If a man wants to build a house, he uses wood. He must also provide a hollow space within that house; empty of wood, therefore both wood and the absence of wood are necessary to build that house. Building a love relationship is similar. The builder of Love must contribute values ​​(wood) and time (space) to the relationship. Doing the opposite results in a house built of sand. You cannot be like the mobile support if you want a loving, personal and lasting relationship. If you are, there is no permanence. It will have slipped through your fingers before you had a chance to grab it, taste it, savor its delicacy.

The late syndicated columnist Jim Bishop wrote an inspiring essay called love something apart. In it, he states: ‘To love is to give. It is the unification of two people in one. It is possession and being possessed. But it is also jealousy, hostility, insecurity and despair. It is the only thing that must be resurrected every day.’ Confidence applies here because one trusts that there will be a resurrection. Love allows us to experience life and connect in a positive way. Denying the existence and experience of love, choosing not to practice it, denies your divinity. And that is sin! Deny your spirituality; a condemnation of all that is divine.

Buddhists tell us to pay close attention to the other person, to listen to what is actually being said so that we can recognize the source of what is being felt. If you do that, you can respond with care and compassion. And that is not benevolence? And that’s not love? Of course it is. But at the same time, it is much more. It is the total and complete recognition of the divine in all life. Swami Vivekananda has written, ‘real existence, real knowledge and real love are eternally connected with each other, all three in one; where one is, the others must be.

We make the mistake of loving in the wrong way. A man, for example, loves his wife.
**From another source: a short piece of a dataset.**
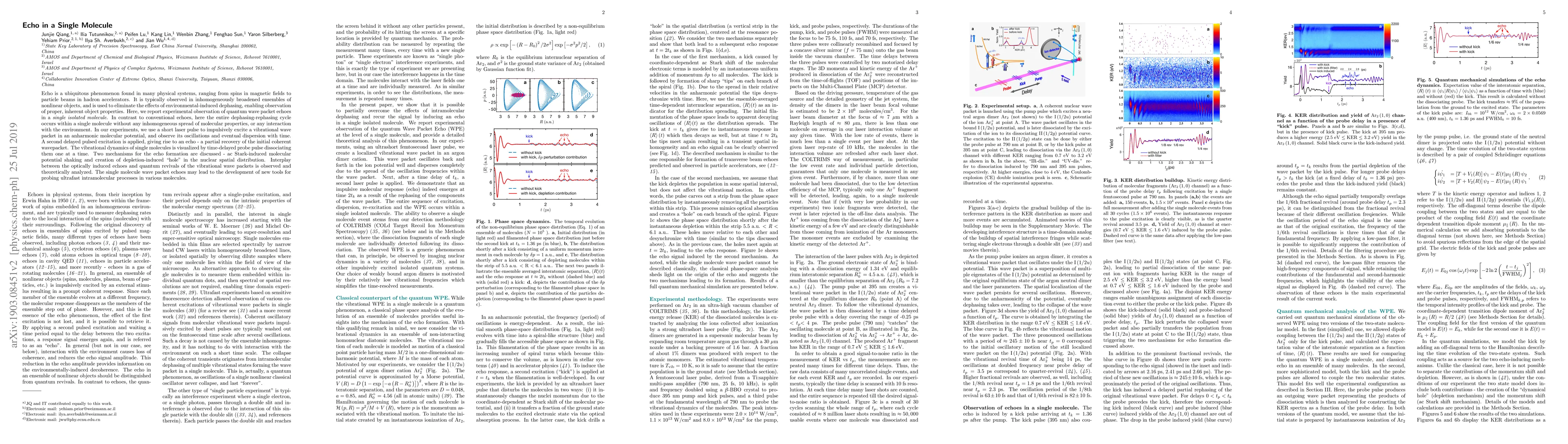 Echo is a ubiquitous phenomenon found in many physical systems, ranging from spins in magnetic fields to particle beams in hadron accelerators. It is typically observed in inhomogeneously broadened ensembles of nonlinear objects, and is used to eliminate the effects of environmental-induced dephasing, enabling observation of proper, inherent object properties. Here, we report experimental observation of quantum wave packet echoes in a single isolated molecule. In contrast to conventional echoes, here the entire dephasing-rephasing cycle occurs within a single molecule without any inhomogeneous spread of molecular properties, or any interaction with the environment. In our experiments, we use a short laser pulse to impulsively excite a vibrational wave packet in an anharmonic molecular potential, and observe its oscillations and eventual dispersion with time. A second delayed pulsed excitation is applied, giving rise to an echo: a partial recovery of the initial coherent wavepacket. The vibrational dynamics of single molecules is visualized by time-delayed probe pulse dissociating them one at a time. Two mechanisms for the echo formation are discussed: ac Stark-induced molecular potential shaking and creation of depletion-induced "hole" in the nuclear spatial distribution. Interplay between the optically induced echoes and quantum revivals of the vibrational wave packets is observed and theoretically analyzed. The single molecule wave packet echoes may lead to the development of new tools for probing ultrafast intramolecular processes in various molecules.

She wants her with him at all times, that she sit next to her at her social functions, that she eat with him, that she walk with him. He calls her several times a day from her workplace. This makes him a slave to his existence. This is not Love. Love would free her to be all she could be. And if she, in turn, loves him, she would help him cut the umbilical cord that he has tied to her. It is, after all, a mutual thing. Every act of love should bring happiness and joy, if not a sense of wonder. In true love, love does not deliberately cause pain or suffering. If it does, there has been a corruption.

To finish I want to leave you a little bit that a friend shared with me. Its author is unknown. Its titled The essence of compassion. “Resolve to be tender with the young, compassionate with the old, compassionate with the hungry, and tolerant of the weak and the misguided, because at some point in your life you will have been all of these.”